■ Exercise
Transcribe exactly the line with "全3色 秋 アウター ローゲージ" and each line that follows it in the listing, down to the last, omitting all pictures.

■ Recorded data
• • • • •
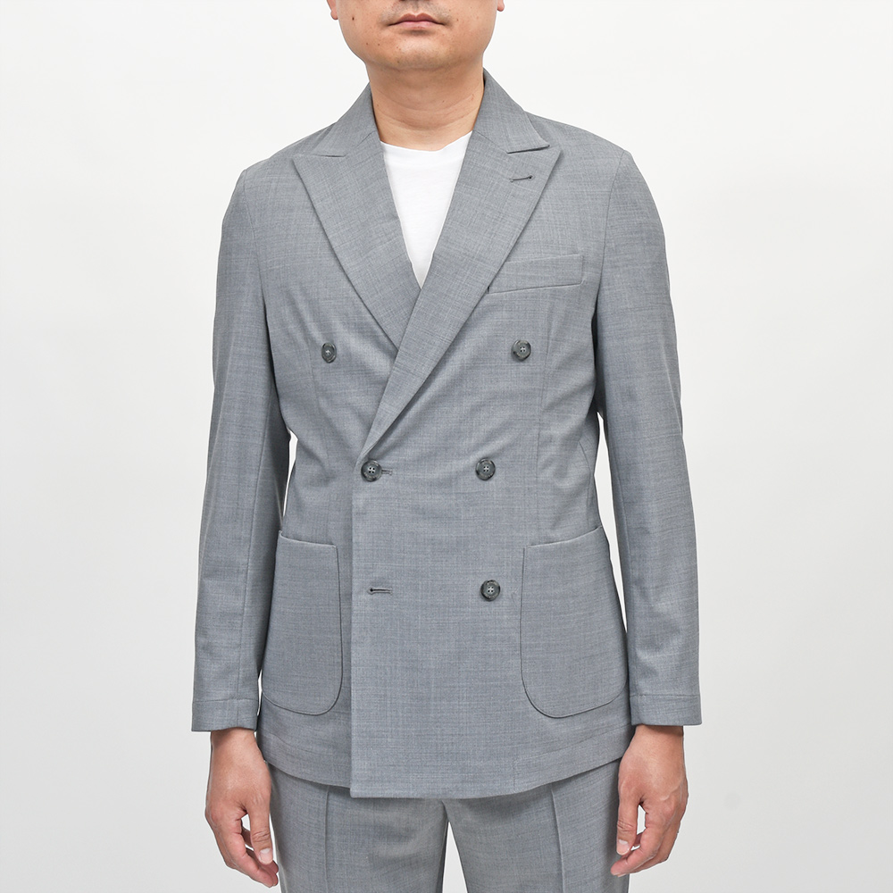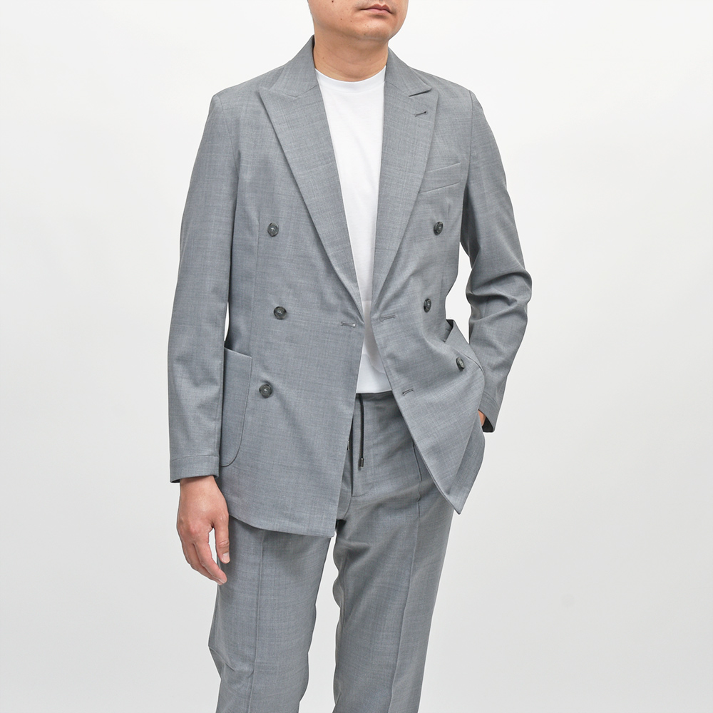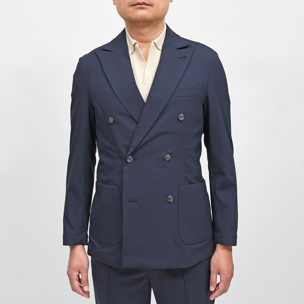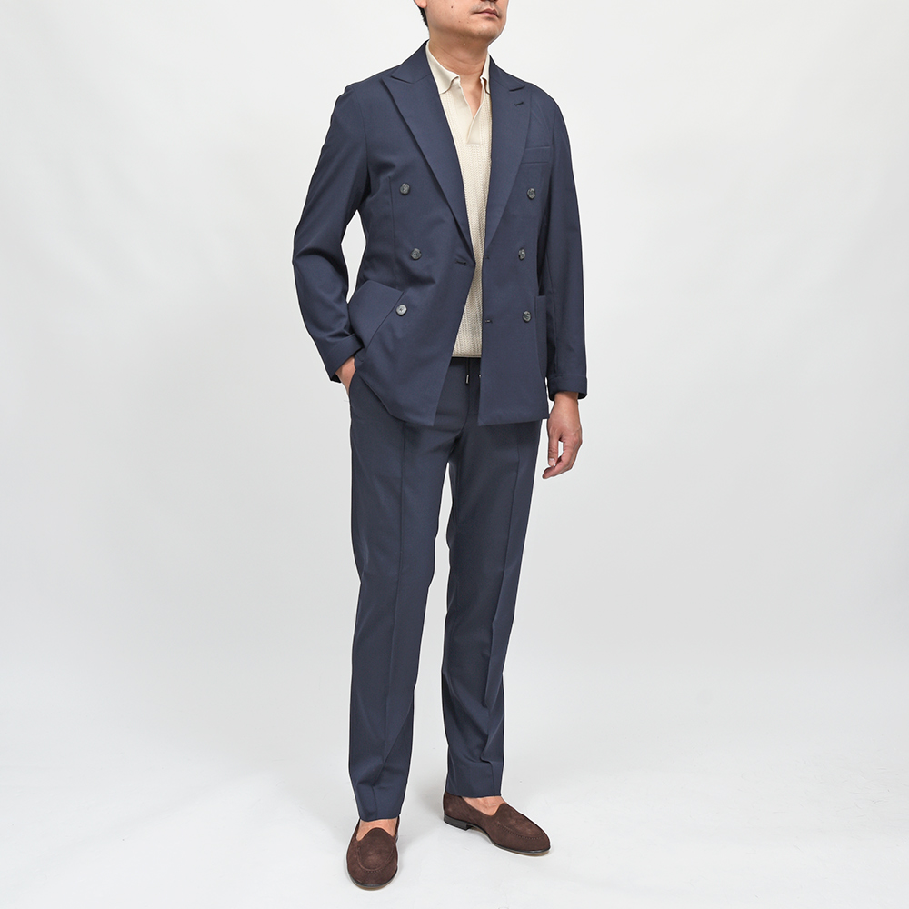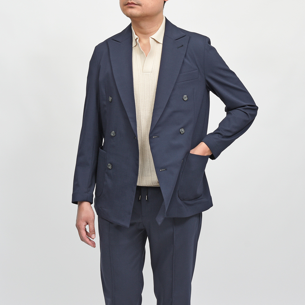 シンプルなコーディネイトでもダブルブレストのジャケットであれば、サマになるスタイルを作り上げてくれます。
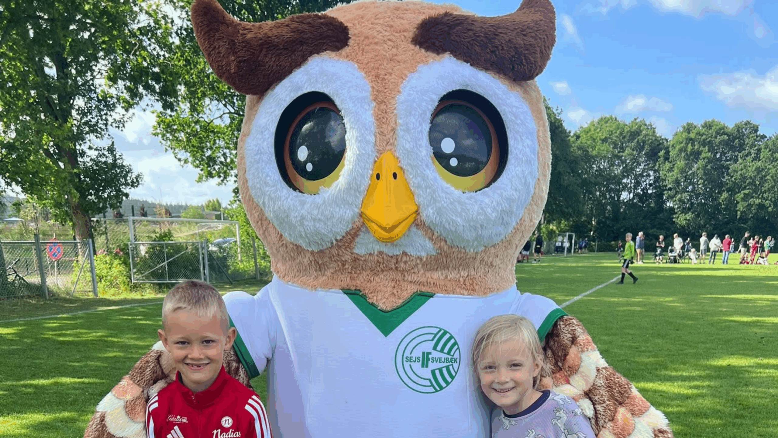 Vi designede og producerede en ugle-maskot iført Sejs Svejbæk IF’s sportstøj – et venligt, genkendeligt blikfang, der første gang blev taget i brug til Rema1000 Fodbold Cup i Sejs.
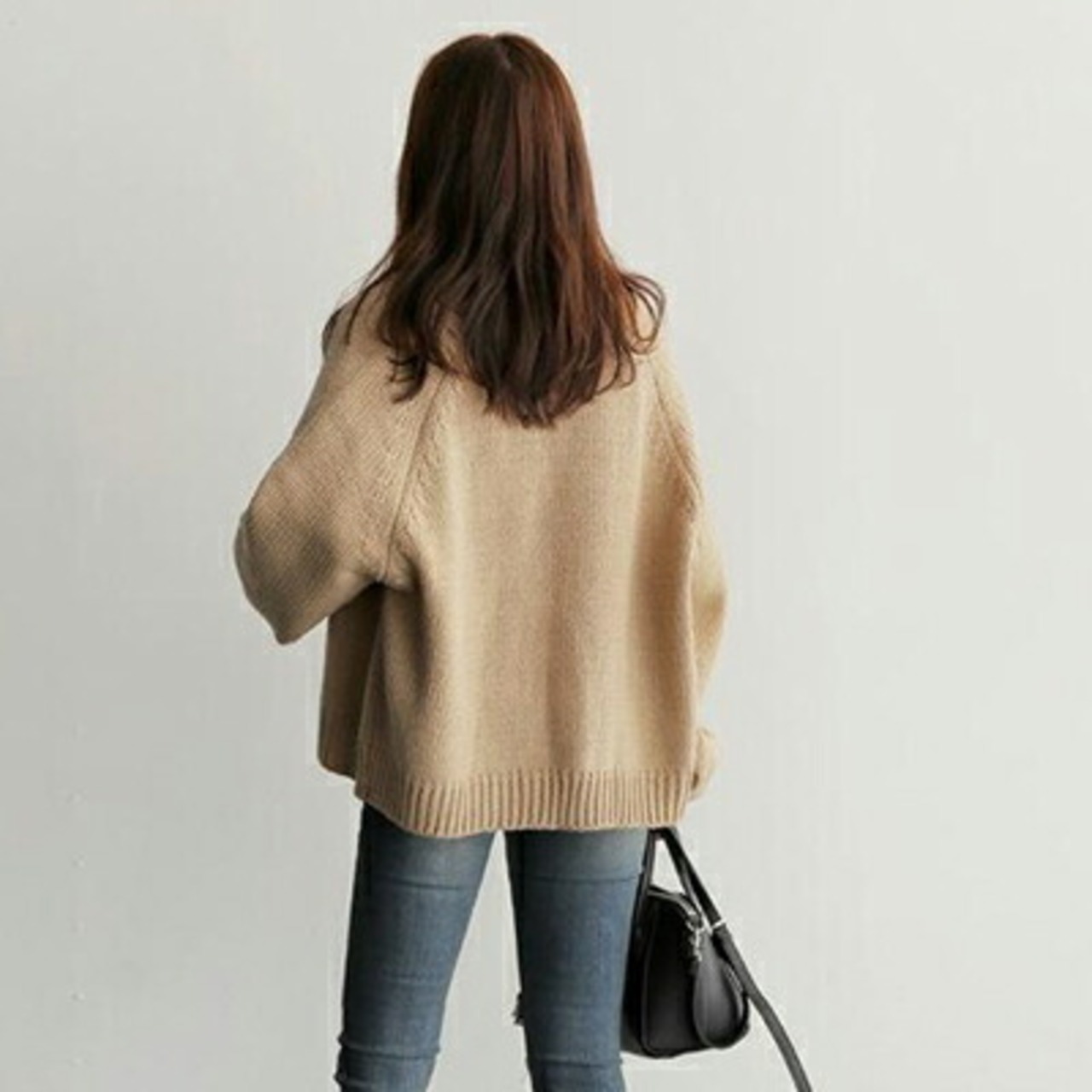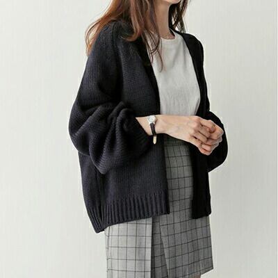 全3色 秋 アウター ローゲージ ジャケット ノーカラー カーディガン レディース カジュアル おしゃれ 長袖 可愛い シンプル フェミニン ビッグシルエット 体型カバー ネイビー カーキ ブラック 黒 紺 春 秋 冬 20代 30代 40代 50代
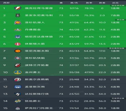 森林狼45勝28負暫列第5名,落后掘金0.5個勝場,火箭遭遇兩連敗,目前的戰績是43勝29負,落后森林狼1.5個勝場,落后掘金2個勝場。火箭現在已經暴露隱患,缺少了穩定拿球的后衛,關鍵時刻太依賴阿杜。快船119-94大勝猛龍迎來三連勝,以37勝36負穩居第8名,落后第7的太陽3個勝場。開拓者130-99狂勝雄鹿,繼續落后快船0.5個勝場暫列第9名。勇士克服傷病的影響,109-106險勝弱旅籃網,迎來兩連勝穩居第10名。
• • • • •
■ Response
 全3色 秋 アウター ローゲージ ジャケット ノーカラー カーディガン レディース カジュアル おしゃれ 長袖 可愛い シンプル フェミニン ビッグシルエット 体型カバー ネイビー カーキ ブラック 黒 紺 春 秋 冬 20代 30代 40代 50代
 森林狼45勝28負暫列第5名,落后掘金0.5個勝場,火箭遭遇兩連敗,目前的戰績是43勝29負,落后森林狼1.5個勝場,落后掘金2個勝場。火箭現在已經暴露隱患,缺少了穩定拿球的后衛,關鍵時刻太依賴阿杜。快船119-94大勝猛龍迎來三連勝,以37勝36負穩居第8名,落后第7的太陽3個勝場。開拓者130-99狂勝雄鹿,繼續落后快船0.5個勝場暫列第9名。勇士克服傷病的影響,109-106險勝弱旅籃網,迎來兩連勝穩居第10名。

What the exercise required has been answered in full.